One of the districts that has been transformed in recent years is Wrzeszcz, north of the city centre. For a long time the neighbourhood was rough around the edges, plagued by petty crime and social issues. Today cafés and restaurants are revitalising the area one street at a time. Key to their success is a determination to activate the surrounding community rather than simply lure tourists from the pretty medieval centre around the Dlugi Targ (the Long Market).
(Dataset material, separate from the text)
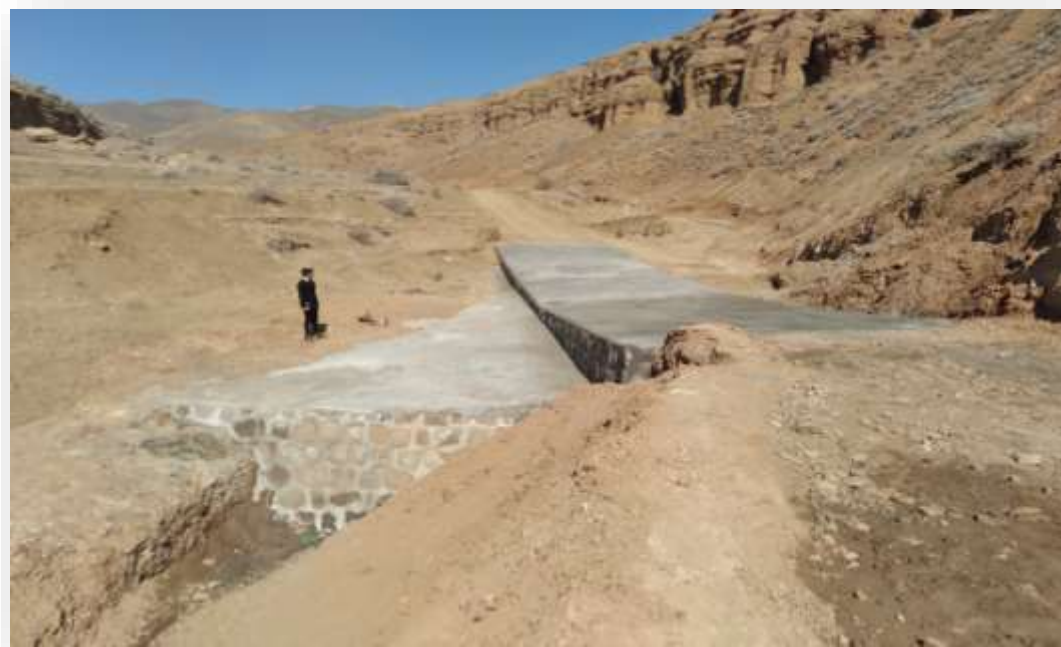
نمونه هایی از صورت وضعیت های پروژه های عمرانی:

Kurhaus is precisely such a venture: a neighbourhood café with the ambition to bring quality coffee to its Wrzeszcz locale. Named after a German term for a health spa, it’s owned by Milena Kotecka, a 28-year-old psychology graduate, and celebrated its first anniversary in August. Kurhaus’s wooden chairs, where customers perch to sip coffee roasted by Krakow-based Coffee Proficiency, are iconic pieces from Poland’s communist-era modernist design movement. “We feel we have started an influx of new, hip places to the area,” says barista Marta Majewska, who moved to Gdansk from Warsaw. “The café’s sales generated a profit one month after its opening and we already have a strong local following.”

Districts such as Wrzeszcz are key to the quality of life you hear so much about from those who have moved to Gdansk from other cities. And it isn’t all about burgeoning business opportunities. To understand how residents make the most of their free time, take a trip to Sopot, Poland’s most popular summer resort, 13km northwest along the Baltic coast. As well as sandy beaches and a vibrant nightlife, the town offers a slower pace of life away from the daily rush of the city.

The town is bisected by Bohaterow Monte Cassino Street, a busy boulevard of shops and cafés that leads down to the waterfront, which in turn is dominated by the imposing structure of the Grand Hotel. On summer weekends the beach here is packed, the marina filled with yachts and the long wooden pier heaving with urban escapees.

Back in the mayor’s office in Gdansk, Adamowicz outlines his plans for the city he has served since 1998. By 2020 he aims to spend €1.2bn on a range of key infrastructure investments and civic improvements, including new tram lines, sports facilities, two new schools and 10 nurseries. Once he has finished overhauling the city’s infrastructure, he wants to expand and enhance its urban common space.

As Poland’s prime vantage point on the Baltic Sea and its gateway to sea trade, Gdansk has a lot going for it in a country set to blossom in the coming years. But as home to the European Solidarity Centre, the rusty edifice commemorating the trade union situated poignantly in the heart of the city’s shipyard, Gdansk is also well placed to bridge the gap between Poland’s bright future and its troubled and complex past.